Effect of CX614 on autaptic responses and asynchronous EPSCs in hippocampal neurons grown on microislands. A, superposition of autaptic responses obtained before and during application of 20 μM CNQX; representative experiment. Autaptic responses were evoked by delivering a brief depolarizing pulse through the recording electrode. The decay time constant of the response is 12.6 ms. Calibration, 2.5 nA/10 ms. B, autaptic responses before and after infusion of 100 μM CX614. Decay time constants are 4.4 and 10 ms, respectively. Calibration, 250 pA/10 ms. C, Effect of 100 μM CX614 on asynchronous synaptic activity triggered by depolarization pulses. Calibration, 200 pA/50 ms. D and E, superposition of asynchronous EPSCs recorded before and after infusion of CX614. Traces in D were taken from the experiment shown in C, as marked by asterisks; those in E are from a separate experiment that exhibited very large responses. Calibration for D, 50 pA/25 ms; for E, 200 pA/25 ms.

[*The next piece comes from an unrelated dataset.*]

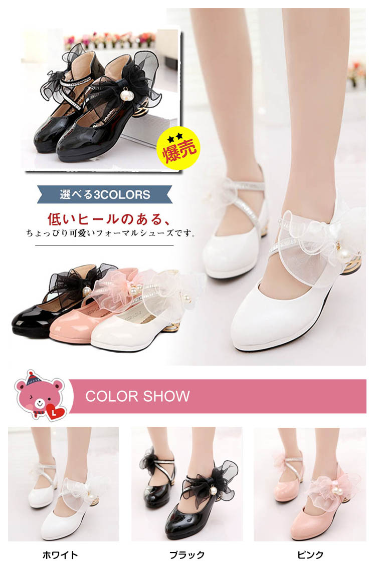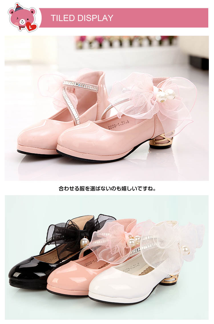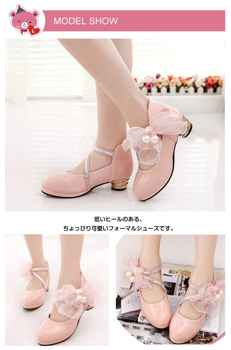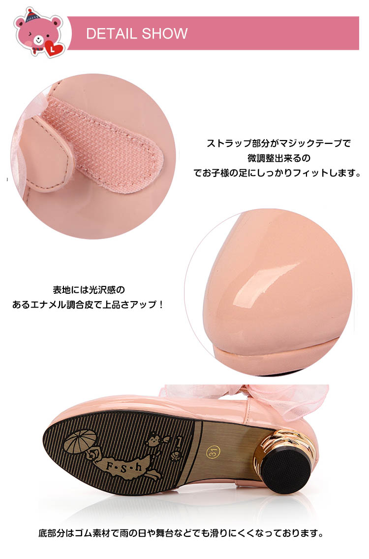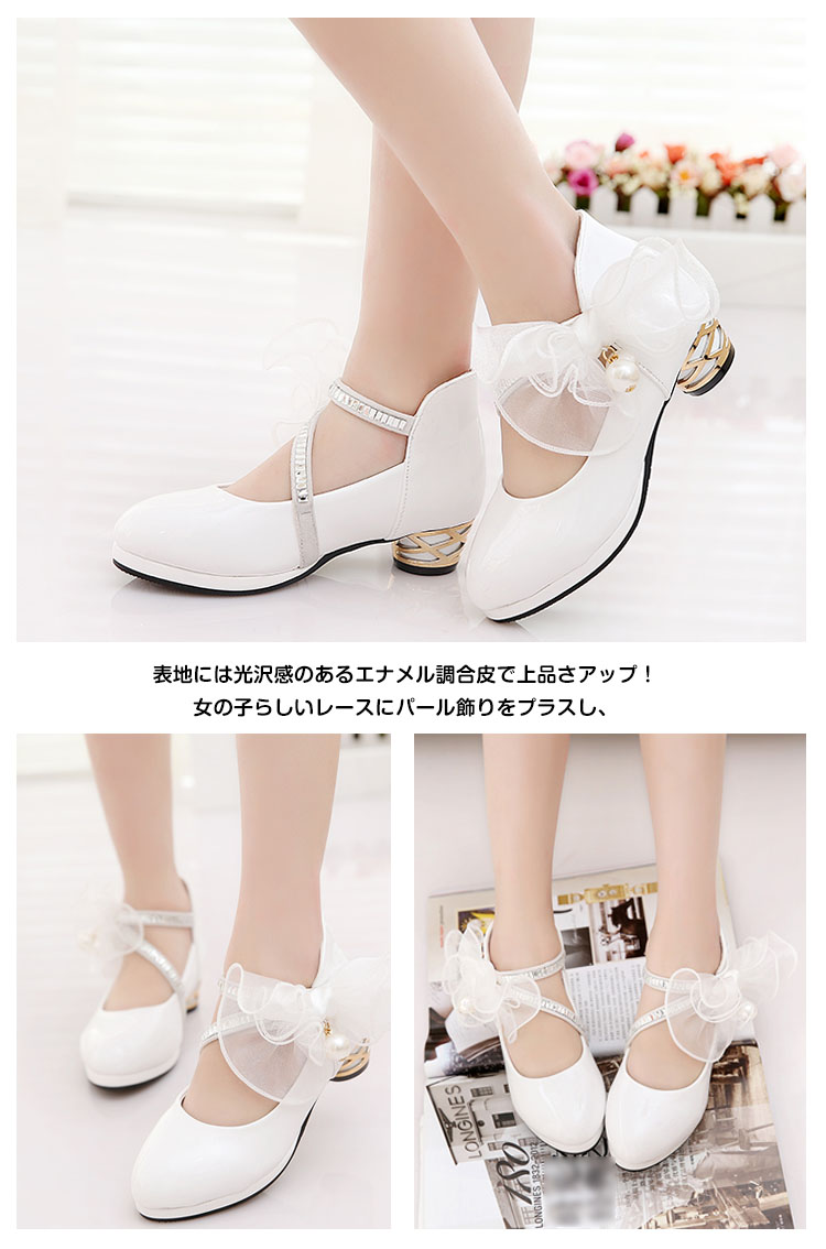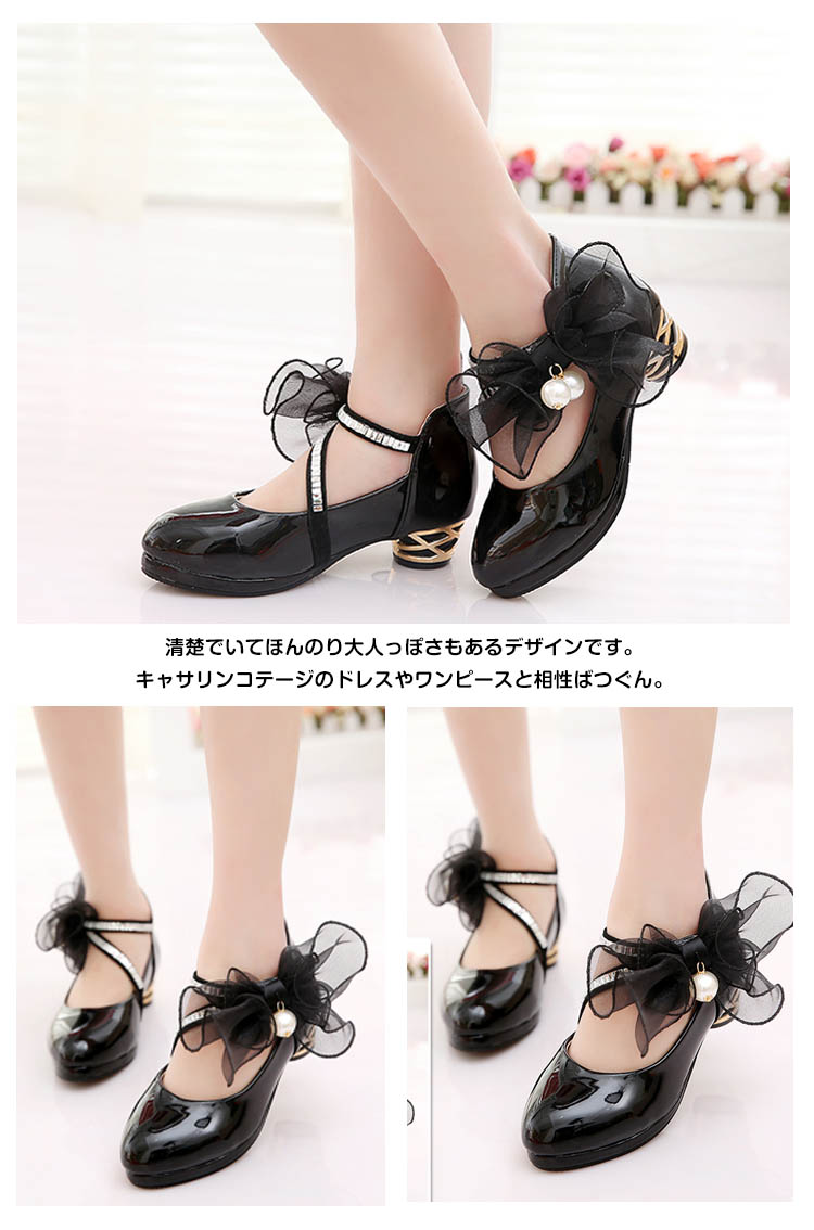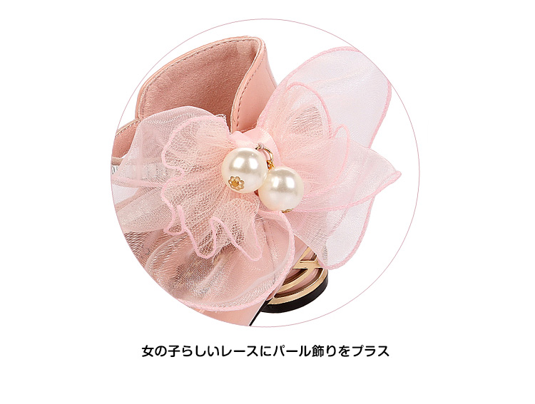 | 低いヒールのある、ちょっぴり可愛いフォーマルシューズです。表地には光沢感のあるエナメル調合皮で上品さアップ!女の子らしいレースにパール飾りをプラスし、清楚でいてほんのり大人っぽさもあるデザインです。キャサリンコテージのドレスやワンピースと相性ばつぐん。合わせる服を選ばないのも嬉しいですね。 | |

If microislands contained multiple interconnected neurons, a stimulation pulse delivered to one of them often triggered asynchronous synaptic responses, as shown in Fig. 3C. Twenty to eighty such events were analyzed per experiment. These responses in most cases had amplitudes of 20 to 60 pA and decayed to baseline with time constants of 2 to 12 ms. CX614 did not change the number of events per minute (17.4 ± 10.3 for drug versus 18.5 ± 9.4 for control,n = 4) but increased the responses, mainly by prolonging the decay time constant (from 7.4 ± 2.5 ms to 20.6 ± 5.4 ms; or by a factor of 3.0 ± 0.7,n = 4) with only a modest effect on the amplitude (1.1 times) (Fig. 3, D and E).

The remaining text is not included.